SPOTLIGHT On Due Process. 73% of Top 53 Schools DO NOT Guarantee Presumption of Innocence. MIT, Brown, Columbia, Harvard, Penn, Pepperdine, Rice, RPI, Vanderbilt = F
Colleges and universities across the country are failing to afford their students due process and fundamental fairness in their disciplinary proceedings. In 2017, for the first time, the Foundation for Individual Rights in Education (FIRE) rated the top 53 universities in the country based on 10 fundamental elements of due process. Our findings were troubling. This year, 2018, we assessed the same institutions. Like last year, the findings are dire:
- Nearly three quarters (73.6%) of America’s top 53 universities do not guarantee students that they will be presumed innocent until proven guilty.

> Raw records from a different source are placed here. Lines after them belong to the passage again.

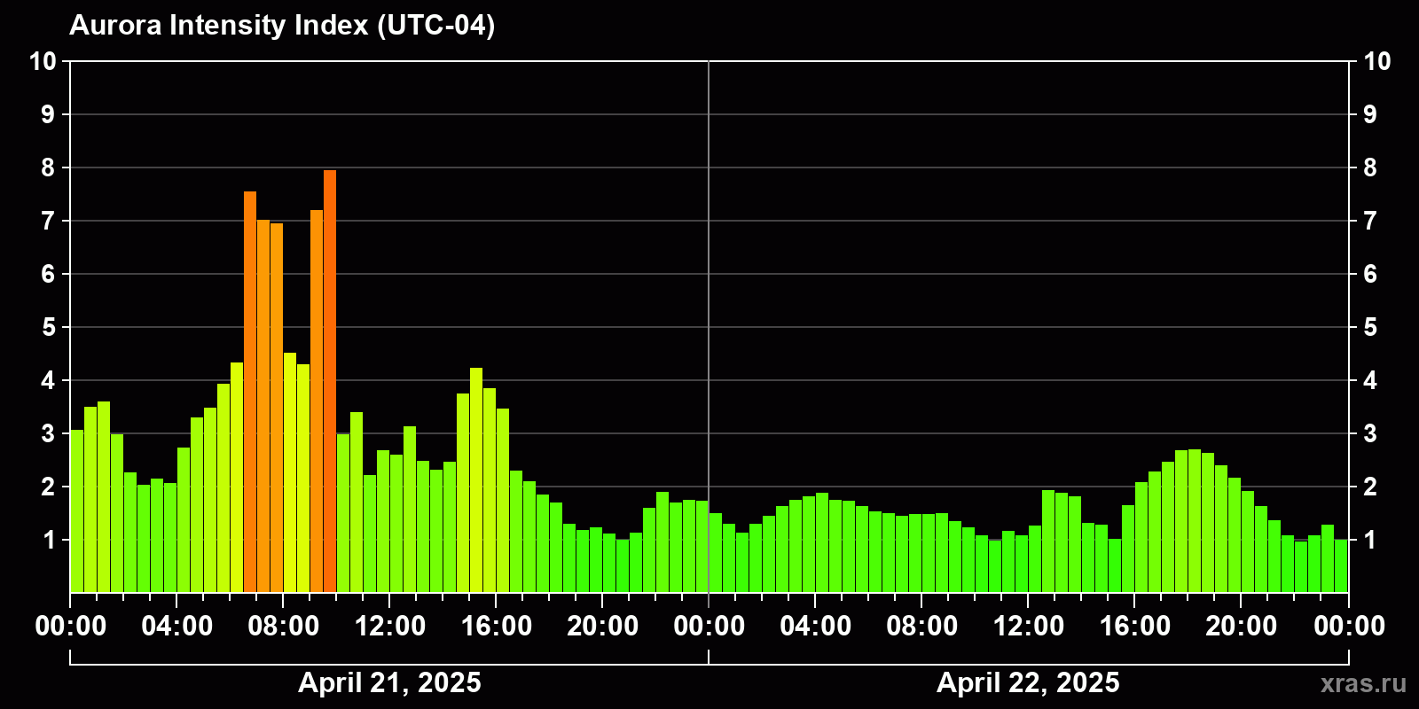 Changes in the auroral intensity index from 2025-04-21 to 2025-04-22 local time
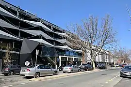 Historically an industrial area comprising car yards and factories, Lonsdale Street has in recent decades transformed into a cosmopolitan hub and the commercial centre of Braddon.[30][31] Lonsdale Street is home to shops selling items by original Canberra designers, stylish Australian fashions, imported designer shoes and handcrafted gifts and homewares. There is also a mix of restaurants,[32] bakeries,[33][34] bike shops,[35] food vans,[36][37][38] camping stores, car yards and hairdressing salons.
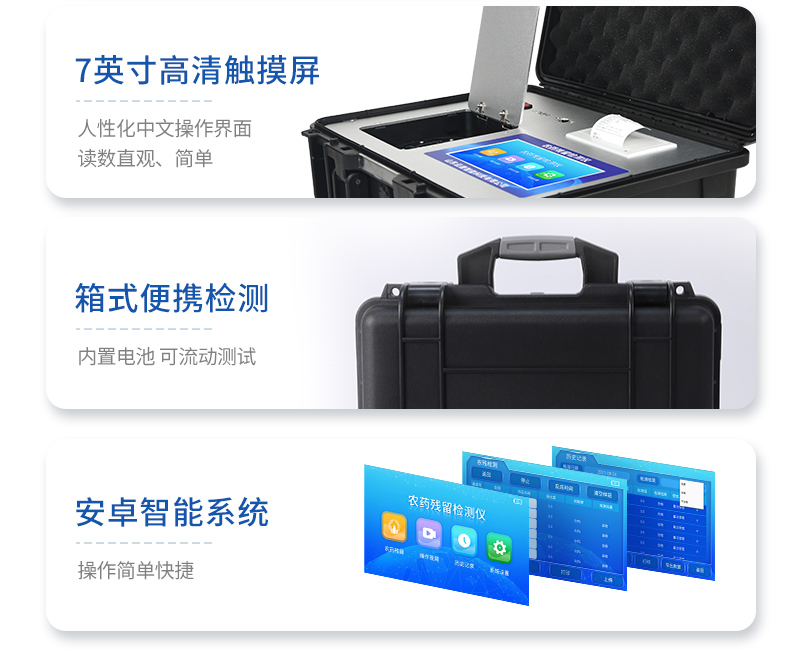 | 安卓智能操作系統(tǒng),采用更加**和人性化操作,儀器具有無(wú)線聯(lián)網(wǎng)上傳功能,快速上傳數(shù)據(jù),進(jìn)行數(shù)據(jù)統(tǒng)計(jì)和分析。 | 智能化程度高,儀器具有自檢功能:具有開機(jī)自檢和調(diào)零功能,具有自動(dòng)檢測(cè)重復(fù)性功能;同時(shí),檢測(cè)完成可自動(dòng)打印檢測(cè)報(bào)告和二維碼。手機(jī)掃碼可顯示出詳細(xì)檢測(cè)信息。 | 儀器帶有監(jiān)管平臺(tái),數(shù)據(jù)可局域網(wǎng)和互聯(lián)網(wǎng)數(shù)據(jù)上傳,檢測(cè)結(jié)果直接傳至食品安全監(jiān)管平臺(tái)。進(jìn)行區(qū)域食品安全監(jiān)管及大數(shù)據(jù)分析處理與數(shù)據(jù)統(tǒng)計(jì),檢測(cè)區(qū)域食品安全長(zhǎng)短期動(dòng)態(tài),達(dá)到食品安全問(wèn)題預(yù)估、預(yù)警 。 | 樣品處理簡(jiǎn)單省力,整體操作快速、安全、便捷。 | 儀器具有自身保護(hù)功能,可設(shè)置用戶名及密碼,防止非工作人員操作等。 | 內(nèi)置強(qiáng)大的數(shù)據(jù)庫(kù),可在儀器上直接選擇樣品名稱、檢測(cè)指標(biāo)、送檢單位等信息,也可在儀器上直接編輯錄入樣品名稱、檢測(cè)指標(biāo)、送檢單位等信息并保存進(jìn)樣品數(shù)據(jù)庫(kù),方便后期操作調(diào)取使用。 | 儀器具有重新校準(zhǔn)、鎖定、恢復(fù)出廠設(shè)置功能。 |

- Only slightly more than half of schools (52.8%) require that fact-finders—the institution’s version of judge and/or jury—be impartial.
- Fewer than one third of institutions (30.2%) guarantee a meaningful hearing, where each party may see and hear the evidence being presented to fact-finders by the opposing party.
- 47 out of the 53 universities studied receive a D or F grade from FIRE for at least one disciplinary policy, meaning that they fully provide no more than 4 of the 10 elements of a fair procedure that FIRE rated.
- Most institutions have one set of standards for adjudicating charges of sexual misconduct and another for all other non-academic charges. 86.8% of rated universities receive a D or F for protecting the due process rights of students accused of sexual misconduct.
- Of the 104 policies rated at the 53 schools in the report, not a single policy receives an A grade.